Principle:Online ml River TextClust Clustering
| Knowledge Sources | Domains | Last Updated |
|---|---|---|
| River River Docs Textual One-Pass Stream Clustering with Automated Distance Threshold Adaption (Assenmacher and Trautmann, 2022) Stream Clustering of Chat Messages with Applications to Twitch Streams (Carnein, Assenmacher, Trautmann, 2017) | Online Clustering, Text Mining, NLP, Streaming Algorithms | 2026-02-08 16:00 GMT |
Overview
TextClust is an online clustering algorithm specialized for text data streams that uses TF-IDF-weighted micro-clusters with automatic radius adjustment and macro-clustering for discovering and tracking evolving topics.
Description
TextClust is designed specifically for clustering textual data streams, such as social media posts, chat messages, or news articles. It represents each micro-cluster as a weighted TF-IDF feature vector, enabling it to capture the semantic content of text clusters.
The algorithm follows a two-phase approach:
Online Phase (Micro-cluster Maintenance): Each incoming text document is represented as a bag-of-words dictionary.
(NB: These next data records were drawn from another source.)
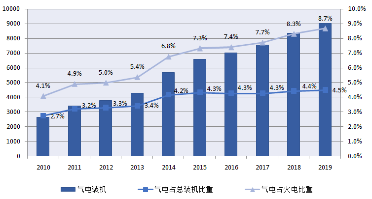 自2010年以來,氣電產(chǎn)業(yè)雖然經(jīng)歷了天然氣供應(yīng)階段性緊張、氣價上揚、電力需求增速放緩等不利因素的影響,但整體仍發(fā)展較快。圖2顯示,氣電裝機容量自2010年至今已增長240%。但由于同期風(fēng)電、光伏發(fā)電的迅猛發(fā)展,使得氣電在總裝機容量的比重增長并不明顯,特別近5年基本維持在4.3%~4.5%。但氣電在火電裝機的比重卻保持了較為明顯的增長態(tài)勢,由2010年的4.1%增長為2019年的8.7%,表明氣電作為低碳清潔能源在我國能源結(jié)構(gòu)調(diào)整和低碳轉(zhuǎn)型中地位越來越重要。
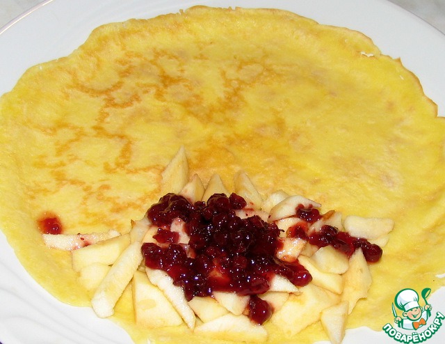 Для других трёх налистников я использовала свежие яблоки. 2 крупных яблока очистила от кожицы и убрала сердцевину. Не крупно нарезала, а сверху положила соус.
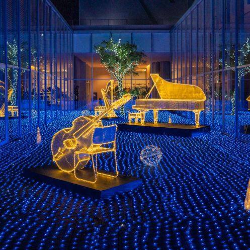 中庭には光輝くピアノ、ハープ、コントラバスのオブジェも。
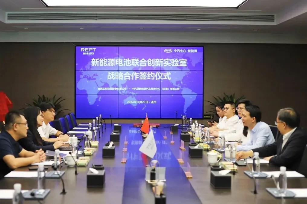 2024年10月23日,瑞浦兰钧和中国汽车技术研究中心有限公司(以下简称“中汽中心”)新能源检验中心达成战略合作协议,由双方携手共建的新能源电池联合创新实验室正式揭牌成立。
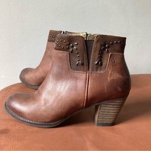 OluKai | Ho'Ohilu Women's Leather & Suede Studded Ankle Bootie in Friar Brown
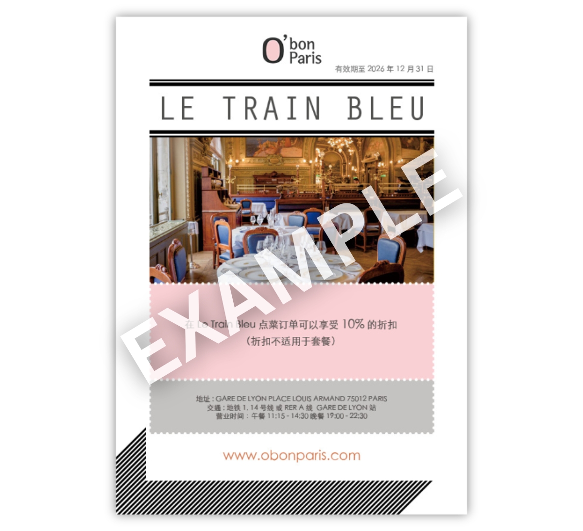 (4)到蓝火车餐厅le Train Bleu中午及晚上时间用餐,享用八折优惠
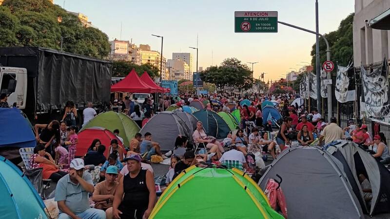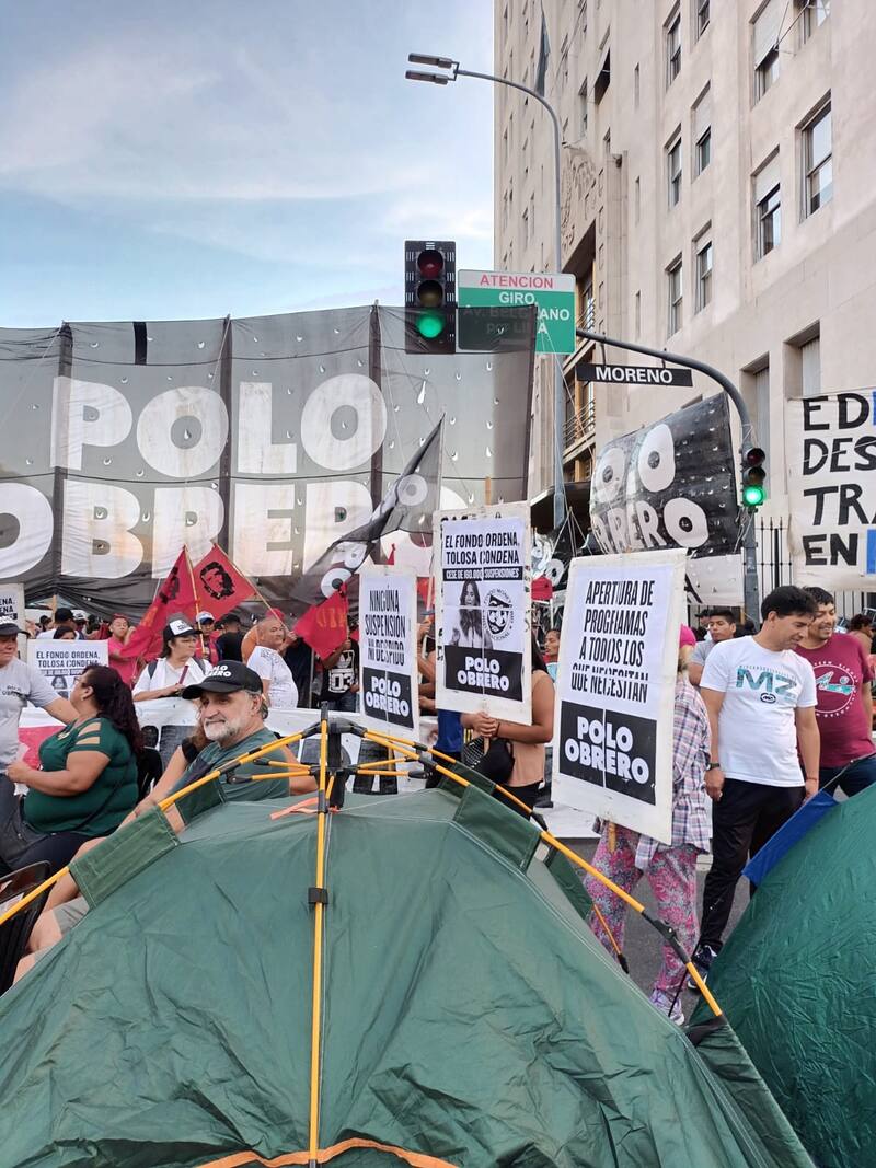 "Se instaló el acampe piquetero en la 9 de julio y en todo el país, por tiempo indeterminado. A estas horas de la tarde, miles de carpas rodean el Ministerio de Desarrollo Social reclamando una reunion urgente con la ministra Toloza Paz. Contra las miles de bajas en el programa potenciar trabajo y en reclamo de los alimentos a los comedores populares que no llegaron en el mes de febrero", dijeron a El Cronista desde el Polo Obrero.
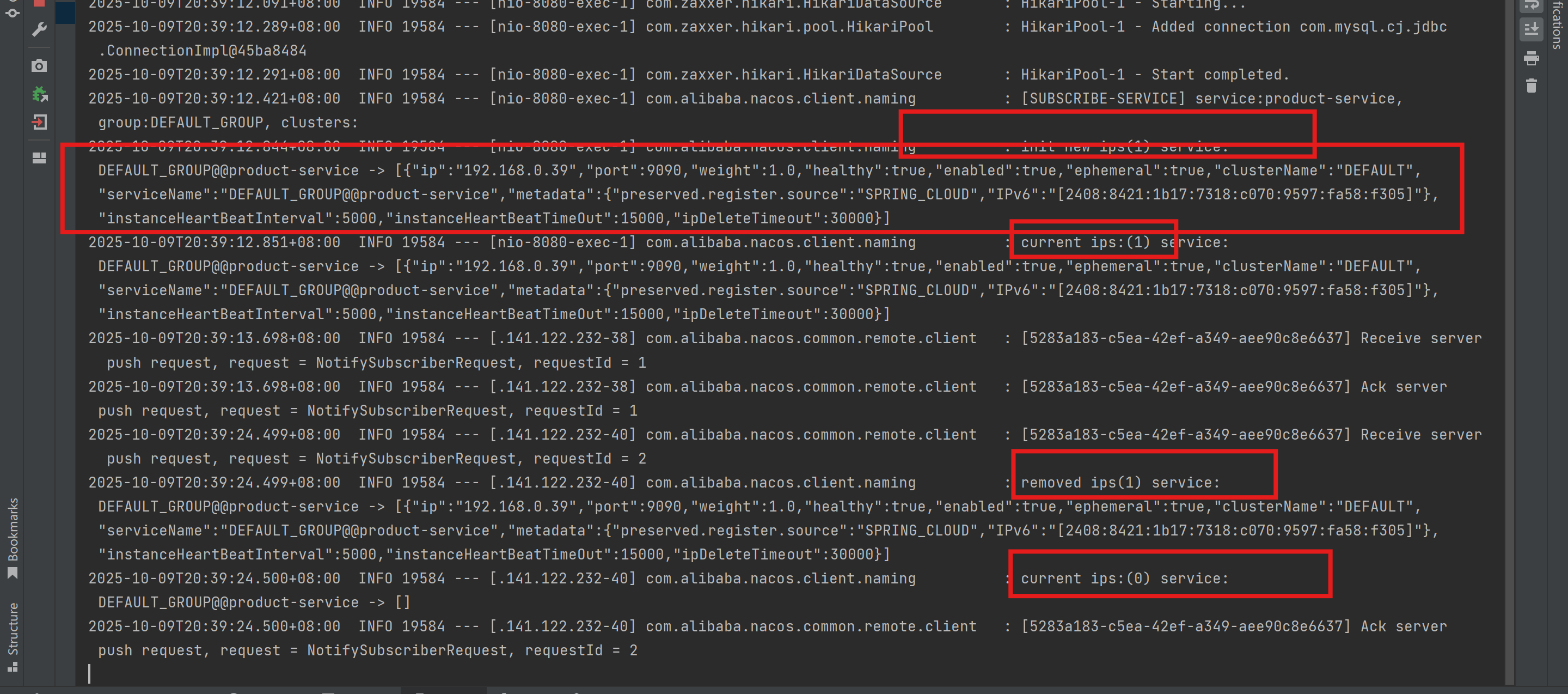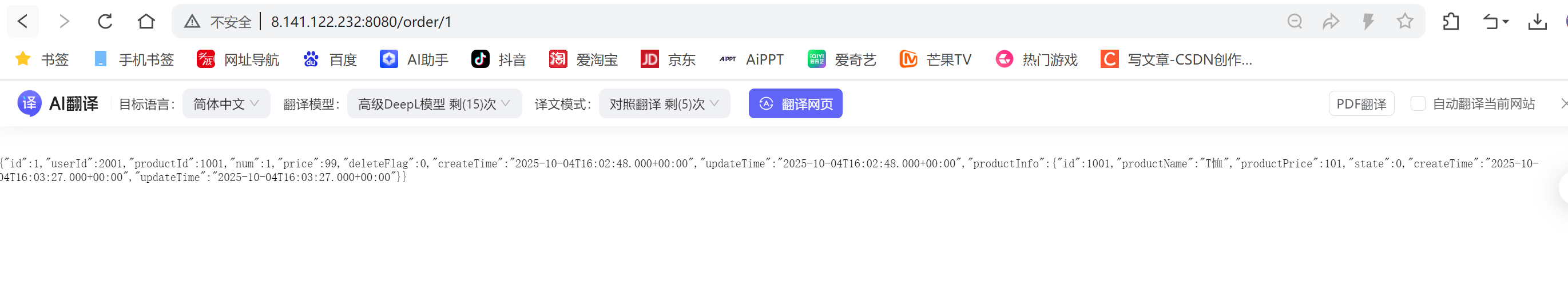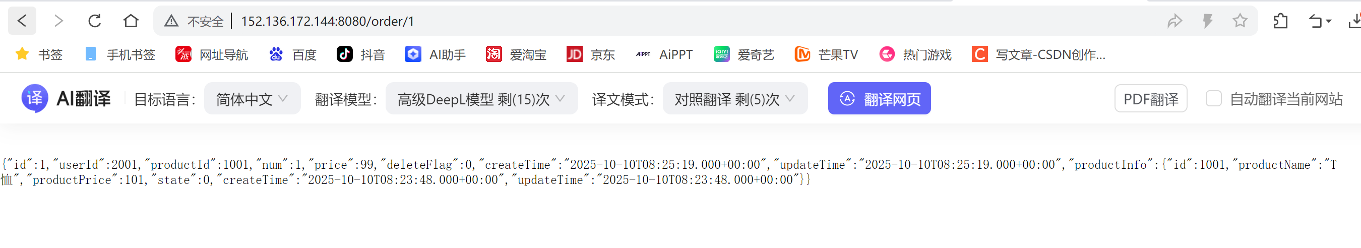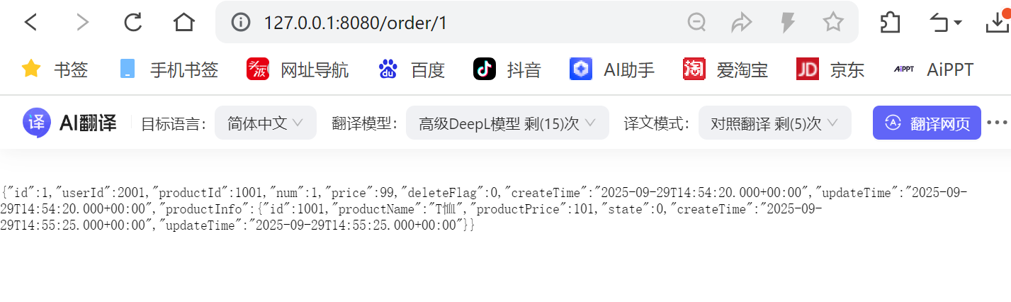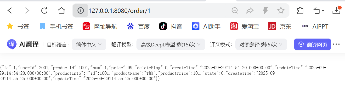 测试,重启服务, 访问接⼝, 观察⽇志 http://127.0.0.1:10030/order/1
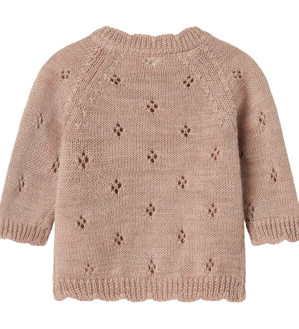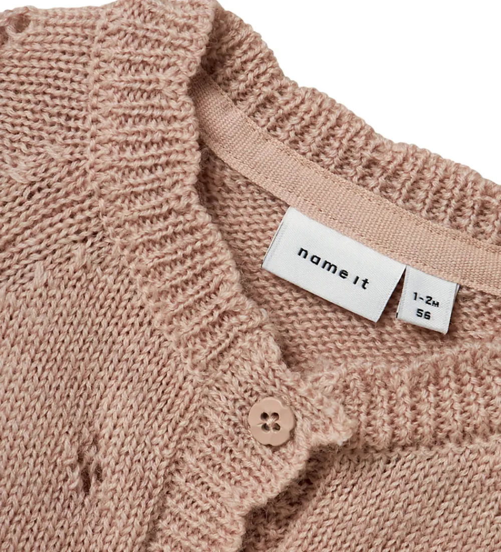 Smuk Name It cardigan i en sart, rosa nuance med et delikat hulmønster. Cardiganen fra Name It har lange ærmer og en rund halsudskæring, som tilfører et klassisk look. Den er udstyret med fine knapper langs fronten og har en blød ribkant ved ærmerne og nederst.
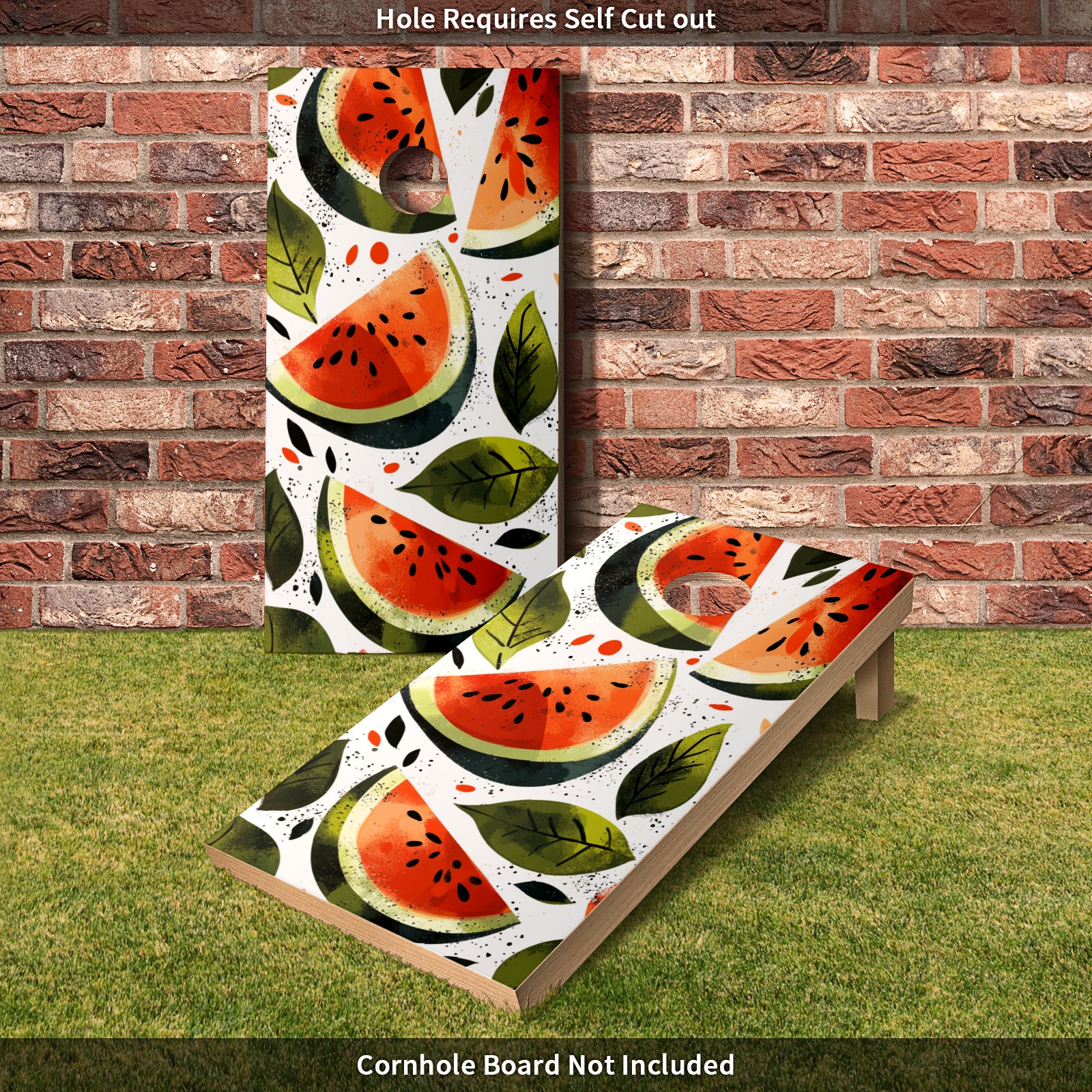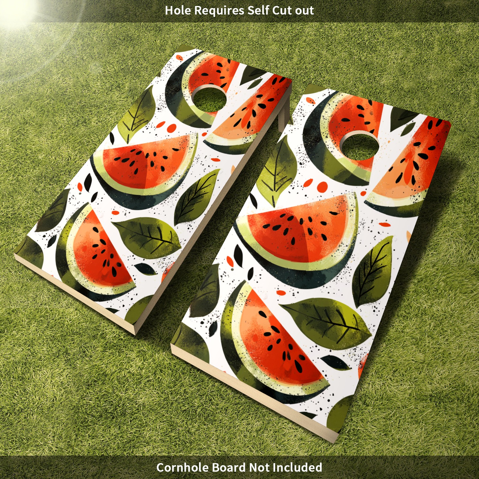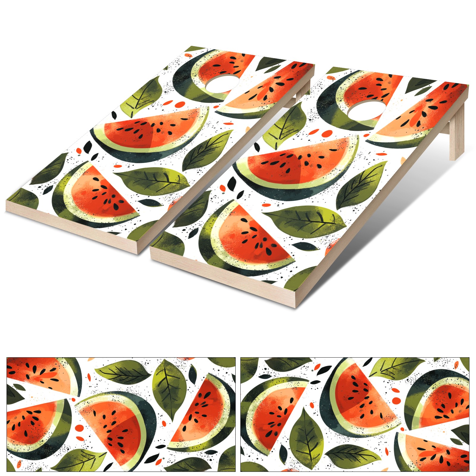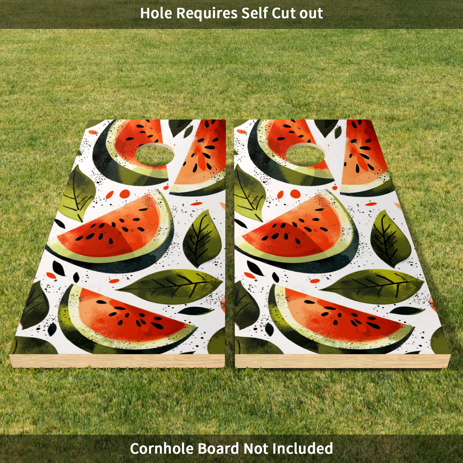 Portable 4x2 Ft Cornhole Boards Set with Two-piece Game Sticker(Decals ONLY), Easy to Apply - Corn Hole Games for Adults Outdoor Bean Bag Toss Game Watermelon Pattern

The algorithm computes the TF-IDF cosine distance between the new document and all existing micro-clusters. If the nearest micro-cluster is within the radius threshold (or the automatically determined threshold when auto_r=True), the document is merged into that micro-cluster. Otherwise, a new micro-cluster is created. Micro-cluster weights fade over time via the fading_factor, and a periodic cleanup every tgap steps removes weak micro-clusters and optionally merges close ones (when auto_merge=True).
Offline Phase (Macro-clustering): Upon request, the micro-clusters are reclustered using single-linkage agglomerative hierarchical clustering to produce num_macro final clusters. This phase uses the macro-distance metric (by default, TF-IDF cosine distance) to build a distance matrix and greedily merge the closest cluster pairs.
A distinctive feature is automatic radius adjustment (auto_r): instead of using a fixed distance threshold, the algorithm dynamically computes a threshold based on the mean and standard deviation of distances to existing micro-clusters, allowing it to adapt to varying text densities.
Usage
Use TextClust when:
- Your data is a stream of text documents (tweets, messages, articles, etc.).
- You want to identify and track topics as they evolve over time.
- The text is represented as bag-of-words features (typically via
feature_extraction.BagOfWordsin a pipeline). - You need adaptive thresholding for varying text density in the stream.
TextClust is commonly used in a River compose.Pipeline preceded by a feature_extraction.BagOfWords transformer.
Theoretical Basis
Distance Metric -- TF-IDF Cosine Distance:
For two micro-clusters A and B with term frequency vectors and a global IDF dictionary:
cosine_similarity(A, B) = SUM_k (A.tf[k] * idf[k]) * (B.tf[k] * idf[k])
/ (||A_tfidf|| * ||B_tfidf||)
tfidf_cosine_distance(A, B) = 1 - cosine_similarity(A, B)
Where IDF is computed from the micro-cluster collection:
idf[k] = 1 + log(N_microclusters / df[k])
Automatic Radius Adjustment:
When auto_r=True, the threshold is computed adaptively for each incoming document:
mu = (sum_distances - min_distance) / (num_clusters - 1)
threshold = mu - sigma * sqrt(square_sum / (num_clusters - 1) - mu^2)
IF min_distance < threshold:
Merge into nearest micro-cluster
ELSE:
Create new micro-cluster
Fading Strategy:
Micro-cluster weights decay exponentially:
weight_new = weight * 2^(-fading_factor * (t_now - t_last))
When term_fading=True, individual term frequencies within micro-clusters also fade, and terms whose TF falls below omega = 2^(-fading_factor * tgap) are removed entirely.
Macro-clustering:
Single-linkage agglomerative clustering is applied on the micro-cluster distance matrix until num_macro clusters remain. At each step, the two clusters with the smallest minimum pairwise distance are merged.